(Beginning of Provided records)

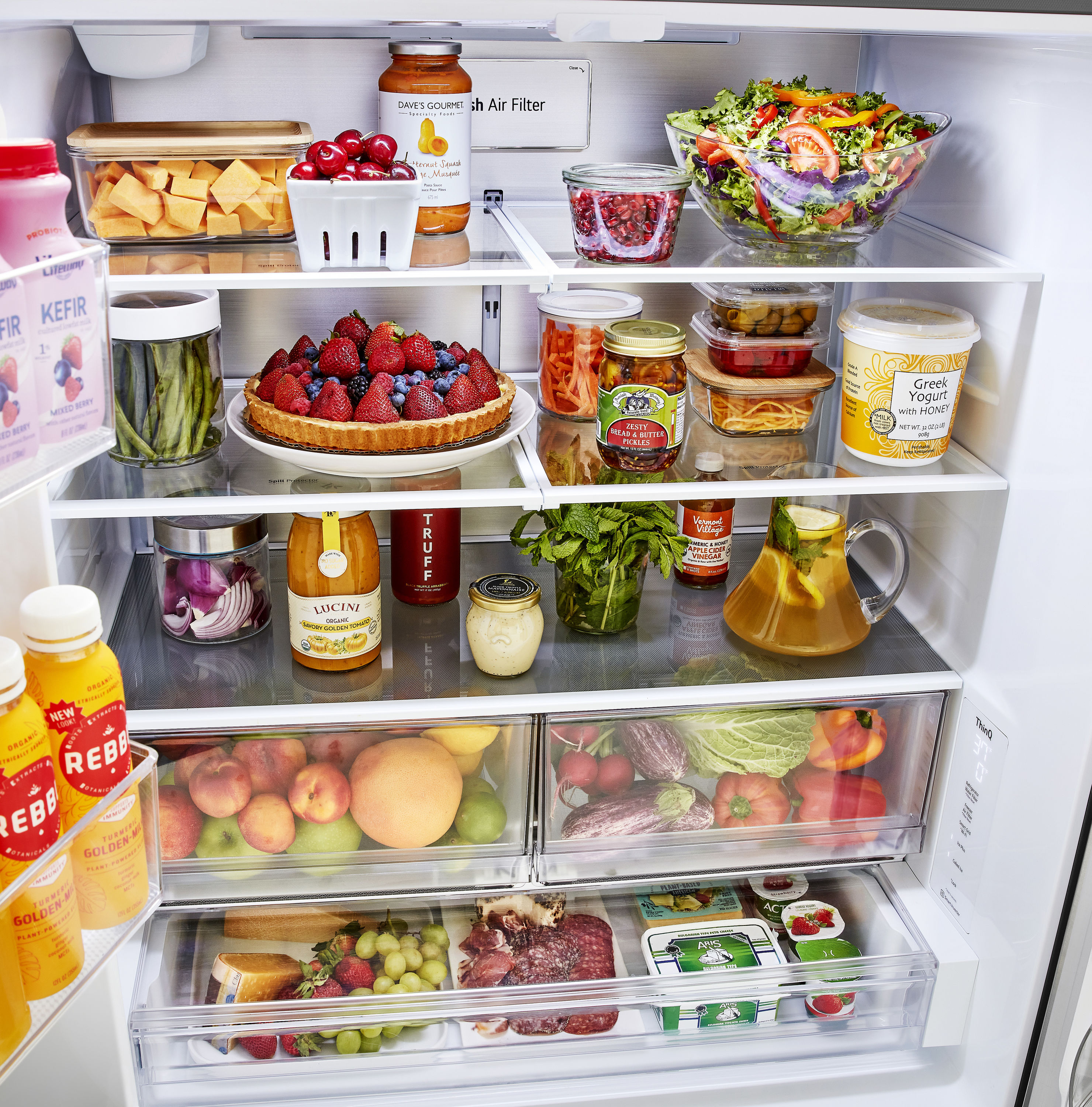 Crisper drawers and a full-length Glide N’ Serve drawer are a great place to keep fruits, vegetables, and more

(End of Provided records)
(Beginning of Provided records)

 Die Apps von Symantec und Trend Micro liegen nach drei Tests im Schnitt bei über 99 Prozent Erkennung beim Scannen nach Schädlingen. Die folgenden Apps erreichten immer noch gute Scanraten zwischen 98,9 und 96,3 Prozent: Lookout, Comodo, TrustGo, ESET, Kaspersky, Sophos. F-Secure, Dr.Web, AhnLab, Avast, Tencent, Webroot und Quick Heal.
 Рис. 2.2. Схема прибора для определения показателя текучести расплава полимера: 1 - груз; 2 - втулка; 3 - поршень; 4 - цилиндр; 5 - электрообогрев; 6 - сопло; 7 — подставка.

(End of Provided records)

- [Work request]:
All that belongs in your answer is the stretch of entries above from the line with "Die Apps von" through the line with "Рис. 2.2. Схема", printed exactly.

- [Output below]:
 Die Apps von Symantec und Trend Micro liegen nach drei Tests im Schnitt bei über 99 Prozent Erkennung beim Scannen nach Schädlingen. Die folgenden Apps erreichten immer noch gute Scanraten zwischen 98,9 und 96,3 Prozent: Lookout, Comodo, TrustGo, ESET, Kaspersky, Sophos. F-Secure, Dr.Web, AhnLab, Avast, Tencent, Webroot und Quick Heal.
 Рис. 2.2. Схема прибора для определения показателя текучести расплава полимера: 1 - груз; 2 - втулка; 3 - поршень; 4 - цилиндр; 5 - электрообогрев; 6 - сопло; 7 — подставка.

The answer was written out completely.